CS265 Systems Project:
An LSM-tree based key-value store

CS265 Spring 2018 Systems Project:
An LSM-tree based key-value store

  1. Introduction

    The systems project for CS265 is designed to provide background on state-of-the-art systems, data structures, and algorithms. It includes a design component and an implementation component in C or C++, dealing with low level systems issues such as memory management, hardware conscious processing, parallel processing, managing read/write tradeoffs, and scalability. Systems projects will be done individually, each student is required to work on their own. This is a focused project that should not necessarily result in many lines of code (like the cs165 project), but will exercise your understanding of modern system design issues and tradeoffs.

    The goal of the project is to build a modern key-value store. The system will be based on an LSM tree design. There are two parts in the project. In the first part, you will build a basic single thread key-value store that will include all major design components as in state-of-the-art key-value stores. In the second part, you will extend the design to support multiple threads and be able to process multiple queries in parallel, while utilizing all cores of a modern server machine.

    Students that finish the systems project quickly and want to work on research will be able to do so by exploring open research topics directly on top of their LSM-tree. We have plenty of open topics in this area.

  2. Basic Description of an LSM-Tree

    As storage becomes cheaper, and modern applications require both efficient lookups and updates, LSM-trees provide a good balance between the two by avoiding expensive in-place updates. They work by buffering updates (and deletes) in main memory and deferring their persistence to a later time. While such designs slightly penalize reads, which then need to search various different levels of data structures, they allow writes to be performed efficiently, and dramatically increase data ingestion rates.

    Today, LSM-trees are used in a variety of systems, typically key-value stores, as a means of fast indexing of heavily updated data. Google’s BigTable, Facebook's Cassandra, and a number of research prototypes have implemented their own version of LSM-trees.

    Data Layout. An LSM-tree consists of a hierarchy of storage levels. The first level, called C0 or buffer, is generally stored in main memory, and its purpose is to buffer updates for efficiency. The rest of the levels are stored on disk and are usually append only. The figure above on the left gives a high level visual of an LSM-tree.

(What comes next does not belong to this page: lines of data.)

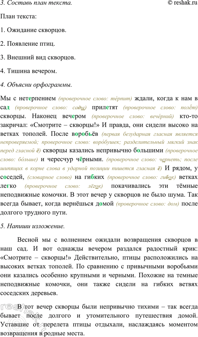 Определи, в каких частях слова какие буквы пропущены. Спиши текст, вставляя пропущенные буквы. Подготовься к изложению. Напиши.
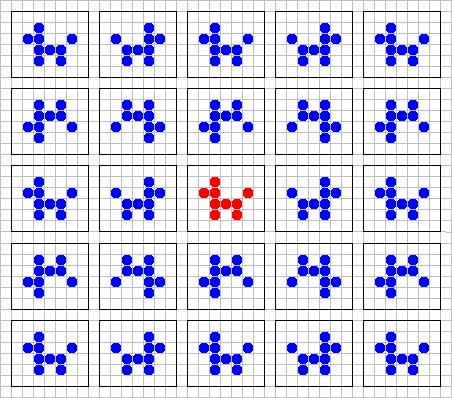 Mi történik az alakzatokkal a sejtszámok összeadásakor? Azok a mezők lesznek befestve, amelyek páratlan sok kiindulási sejt esetében lesznek n generáció múlva befestve. Ezt hívhatjuk az alakzatok egymásra szuperponálásának vagy összeadásának is. Az alábbi ábrán egy két sejtből álló alakzatra alkalmaztuk ezt az elvet. (Az egyik sejt leszármazottjait piros, a másik sejt utódait kék színnel jelöltük.)
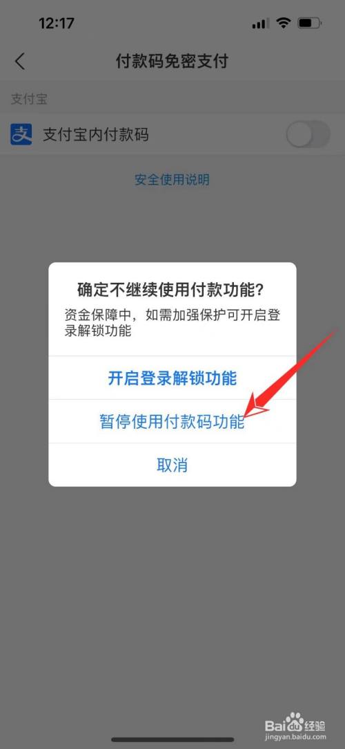 在弹出的提示框点击【暂停使用付款码功能】就可以将付款码免密支付功能关闭了。
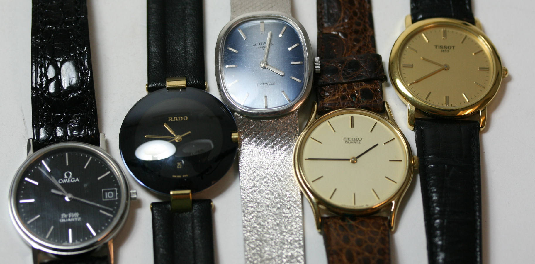 all cased or with pochettes, makes include; Rado, sweep second hand and date; Seiko; Tissot; Omega de Ville, sweep second hand and date; Rossini; and a 1980's Rotary dress wrist watch, blue dial, silver case and flexible silver textured bracelet
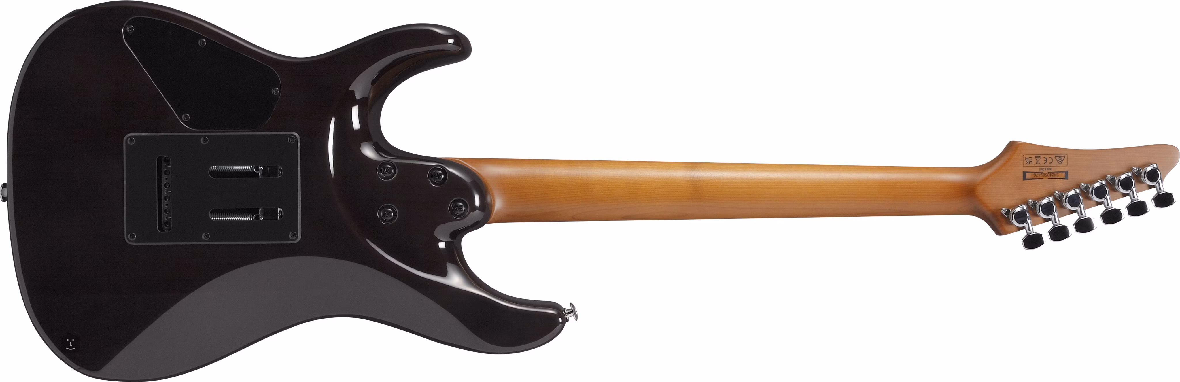 Der Erle-Korpus der AZ24S1F-TKS Standard-Gitarre ist mit einem Furnier aus geflammtem Ahorn und einer Transparent Black Sunburst-Lackierung versehen. Dank des ergonomischen Shapings der Rückseite des Korpus liegt die Gitarre perfekt in der Hand. Der Hals aus geröstetem Ahorn ist auf ein Jatoba-Griffbrett mit vierundzwanzig Jumbo-Edelstahlbünden geleimt.
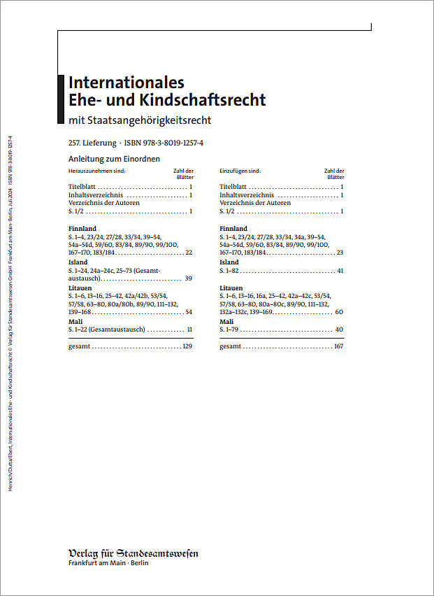 Mit der 258. Ergänzungslieferung zum »Internationalen Ehe- und Kindschaftsrecht« wird im Länderbericht zu Indien ein umfangreicher Regionalteil zu Goa ergänzt. Der Kroatien-Bericht wurde vollständig überarbeitet. Zu Lettland wird auf neuere Rechtsentwicklunge...
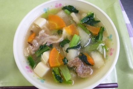 児童の冬瓜のスープの感想です。・・・「体が温まります」 「やさしい味です。」「トロンとしています。」
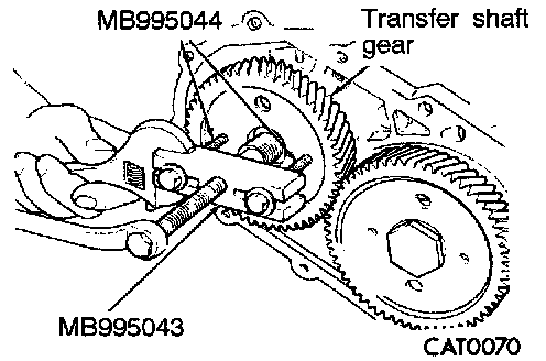 40. Install Gear Puller MB995043 and Bolts MB995044 to transfer shaft gear. Using the appropriate wrench, turn the center bolt clockwise to remove gear.
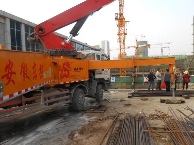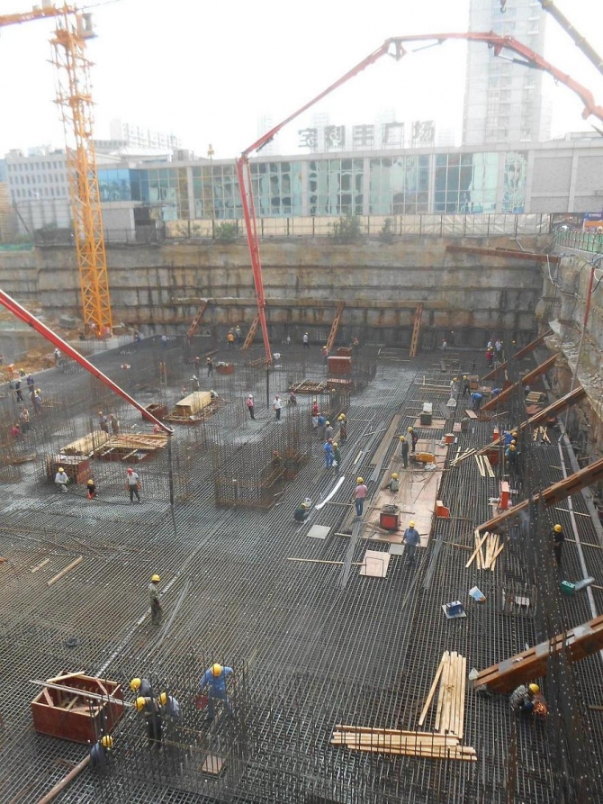 寶利豐廣場項目樓位于徽州大道與靶場路交口,其中1#樓采用樁筏基礎(chǔ),其中核心筒區(qū)域筏板厚度為7-8m,其他區(qū)域厚度為3.2m,混凝土強度等級為C40P8,一次性連續(xù)澆筑。施工現(xiàn)場布置56m汽車泵一臺,46m汽車泵兩臺,地泵一臺,截止2015年09月27日用時約40小時,8600立方混凝土全部澆筑完畢。

    Updates. Updates in LSM-trees are fast since they are always first performed in main memory (level C0) and they are gradually moved to the disk at later phases. Updates and inserts are treated in the same way, since K-V stores do not allow for duplicates. Deletes are also performed in the same way as updates, but with a special marker, which denotes this record as “deleted”. Since each level of an LSM-tree is restricted in size using thresholds, each of these operations are merged to the highest levels of the LSM-tree in a deferred and batched method. This process is called merging and is triggered when C0 reaches its threshold size.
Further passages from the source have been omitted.